The rights that the notion implies do not provide an understanding of other forms of slavery, especially where kinship and community relations figure centrally, and due to the structure of the political economy, the commodification of the bodies of others is not at issue. In the same vein, compulsive labor, so much a distinctive feature of the New World experience, brackets an understanding of those forms of slavery (for example, domestic slaves or slave educators in ancient Rome) that do not necessarily imply the same level of socially alienated compulsory work. Kopytoff suggests that conceptualizing slavery in terms of property and compulsory labor can only lead to the opposition slavery versus “freedom,” which is a Western Enlightenment construct, obscuring a more complex relationship with other categories (such as citizenship and other cultural modes of identification). Meillassoux and Kopytoff’s works have contributed to this displacement of concerns regarding slave and slavery by conceptualizing slavery as a dominant institution in Africa, in rupture with traditional Western constructs.

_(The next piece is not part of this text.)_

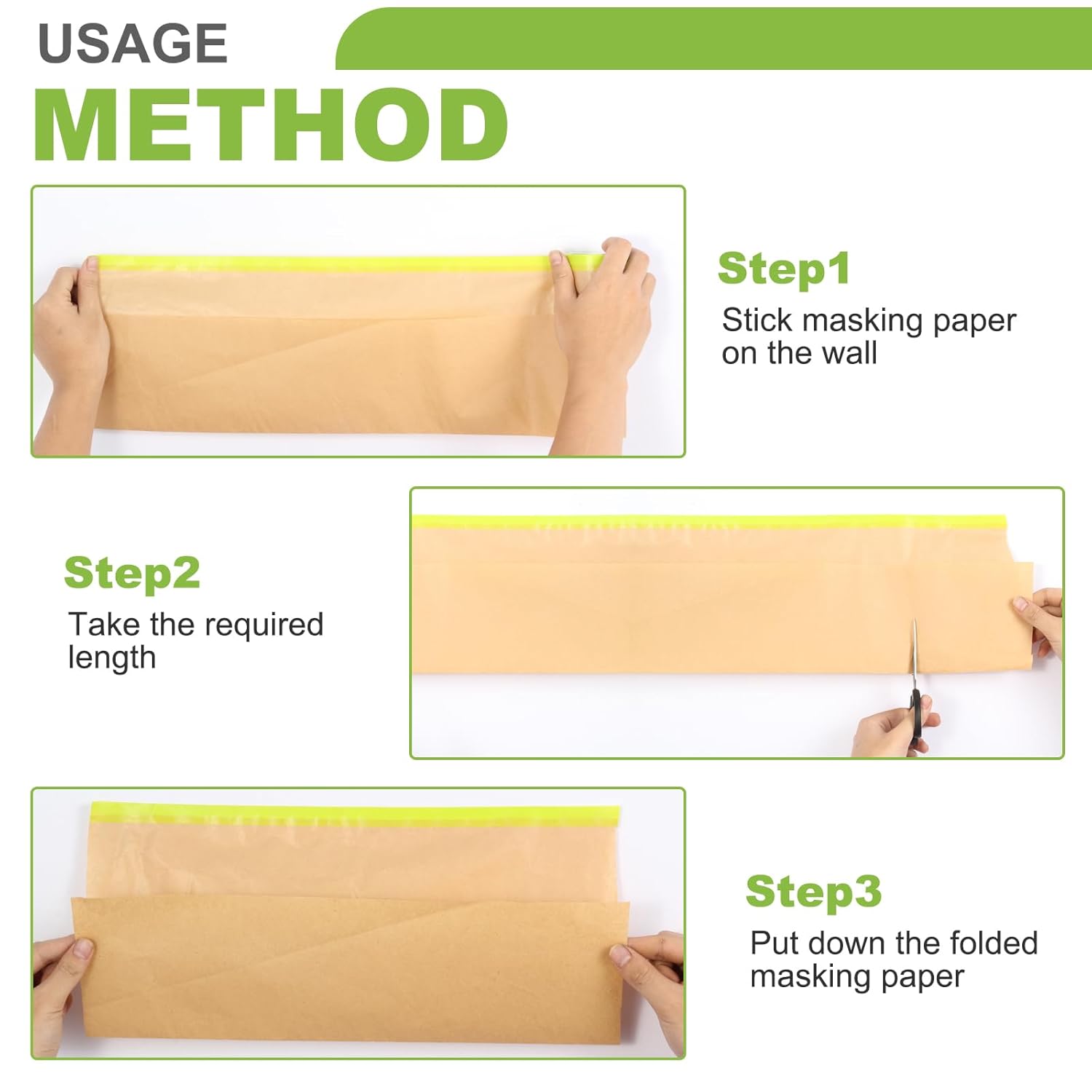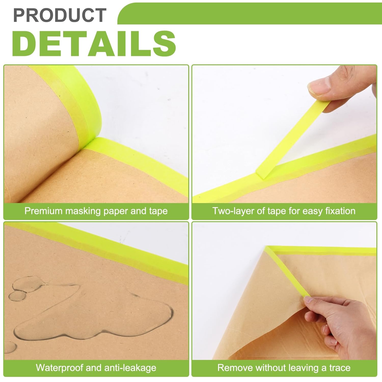 - 【Strong, Non-absorbent】 Our pre-taped painters paper is made of 40gsm machine glazed brown kraft paper, it resists tearing and high penetration resistance, offers stronger protection than plastic masking film in house painting.

Anthropology has not been fully at ease in theorizing slavery. Indeed, a thorough review of anthropological research on slavery does not take us much further than it took Kopytoff or Meillassoux, almost a quarter of a century ago. It is perhaps the recency and even the contemporaneity of the phenomenon that define this uneasiness and “silence” of anthropology to generate serious and sustained theoretical considerations. Moreover, the study of slavery from the anthropological perspective presupposes an epistemological evaluation of the condition for a possible legitimacy of its own discourse about an object that partially was instituted out of a shared rationalization process. Anthropological narratives about slavery emerged at the core of a crucial contradiction in which both, modern consciousness about slavery and the “primitive other,” raison d’être of classical anthropology, were engendered by the same Enlightenment project. The latter provided the analytical tools to think about primitive societies and their primitive practices—such as slavery—while, paradoxically, its enlightened philosophers were claiming freedom for those outside the dark world of slavery to guide the path of humanity. The task for anthropology is thus to evacuate the heavy ethnocentric biases that are embedded in these analytical categories to think about societies and slavery and to move beyond the established analytical framework that is too present in the traditional historiography and sociology of slavery.
References:
- Meillassoux, C. (1986). Anthropologie de Yesclavage: Le ventre de fer et d’argent. Paris: Presses Universitaires de France.
- Miers, S., & Kopytoff, I. (Eds.). (1977). Slavery in Africa: Historical and anthropological perspectives. Madison: University of Wisconsin Press.
- Patterson, O. (1982). Slavery and social death: A comparative study. Cambridge, MA: Harvard University Press.
- Watson, J. L. (1980). Asian and African systems of slavery. Oxford, UK: Blackwell.